Your answer must be the exact lines below, starting with the line with "The rug is a" and going on through the line with "- Ir a http://192.168.4.1", both included, with no pictures.

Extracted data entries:
►
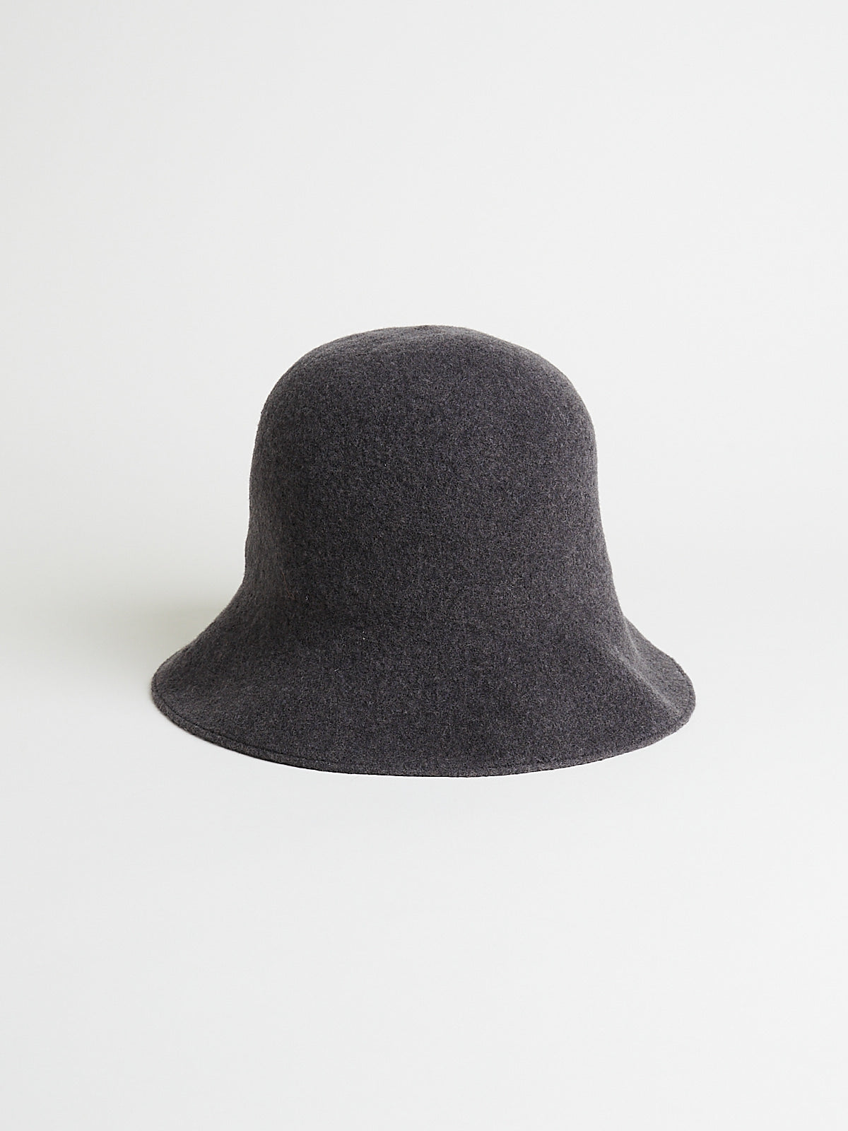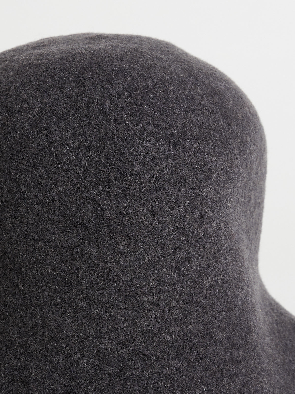 Knitted wide bell hat in felted taupe lambswool. Brim can be worn up or down.
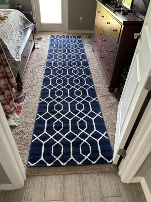 The rug is a beautiful deep, rich blue color with white accents. It is very soft to the touch and has a good weight and backing. I am very pleased with my purchase.
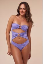 Maiô tomara que caia com alças removíveis e recortes frontais ousados. Possui duas argolas de metal na cor roxa, tornando o maiô mais interessante. O tecido possui fios metálicos que deixam a peça com um brilho suave. No tom fascinante lavanda.
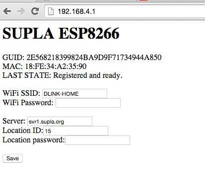 - Ir a http://192.168.4.1 y entrar datos de acceso de tu casa WiFi tener identificador de acceso, contraseña y ubicación de Internet obtenida de cloud.supla.org en el formulario. Haga clic en "Guardar".
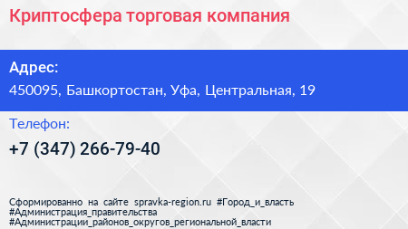Криптосфера, торговая компания по адресу 450095, Башкортостан, Уфа, Центральная, 19 в дальнейшем Организация, размещена в следующих категориях:
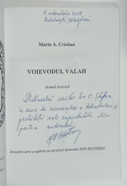 VOIEVODUL VALAH , DRAMA ISTORICA de MARIN CRISTIAN , 2014 , DEDICATIE *
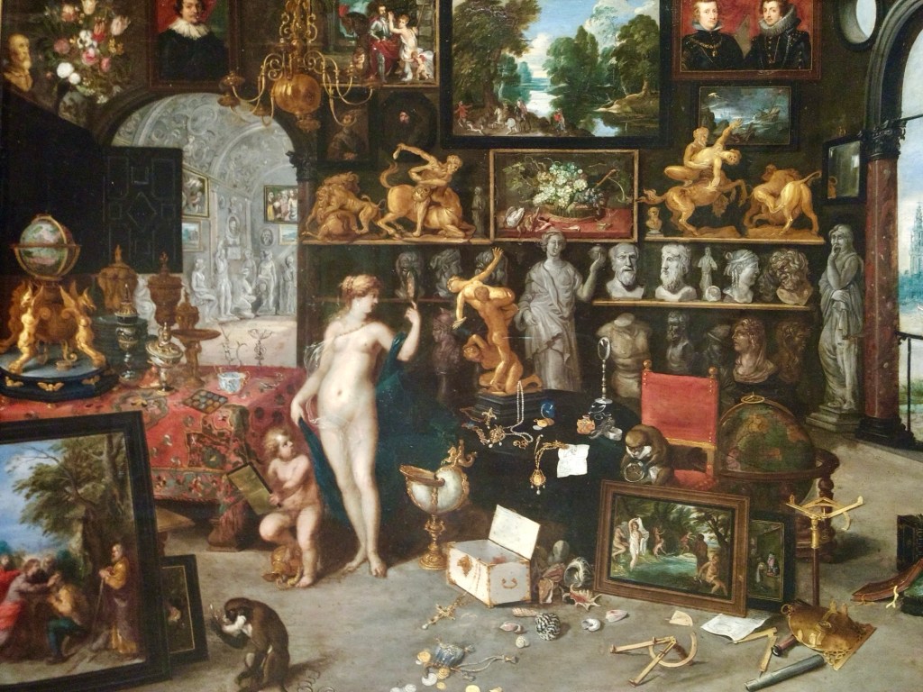 Modern museums grew out of these Renaissance collections of weird and wonderful objects. Also called Kunstkammer (art chamber) or Wunderkammer (room of wonder), they displayed the marvels of the Age of Exploration – exotic natural specimens, man-made works of art, ethnographic items, and scientific instruments. All of these can be found in this 1660 painting by Jan Brueghel the Younger: shells, monkeys, paintings, jewelry, silver, telescopes, magnifying glasses, astrolabes and globes.
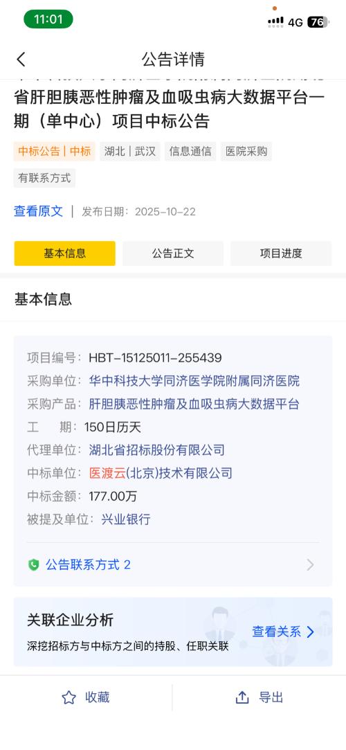 $医渡科技(HK|02158)$又中了177万元的合同。
◄
YOUR SOLUTION
 The rug is a beautiful deep, rich blue color with white accents. It is very soft to the touch and has a good weight and backing. I am very pleased with my purchase.
 Maiô tomara que caia com alças removíveis e recortes frontais ousados. Possui duas argolas de metal na cor roxa, tornando o maiô mais interessante. O tecido possui fios metálicos que deixam a peça com um brilho suave. No tom fascinante lavanda.
 - Ir a http://192.168.4.1 y entrar datos de acceso de tu casa WiFi tener identificador de acceso, contraseña y ubicación de Internet obtenida de cloud.supla.org en el formulario. Haga clic en "Guardar".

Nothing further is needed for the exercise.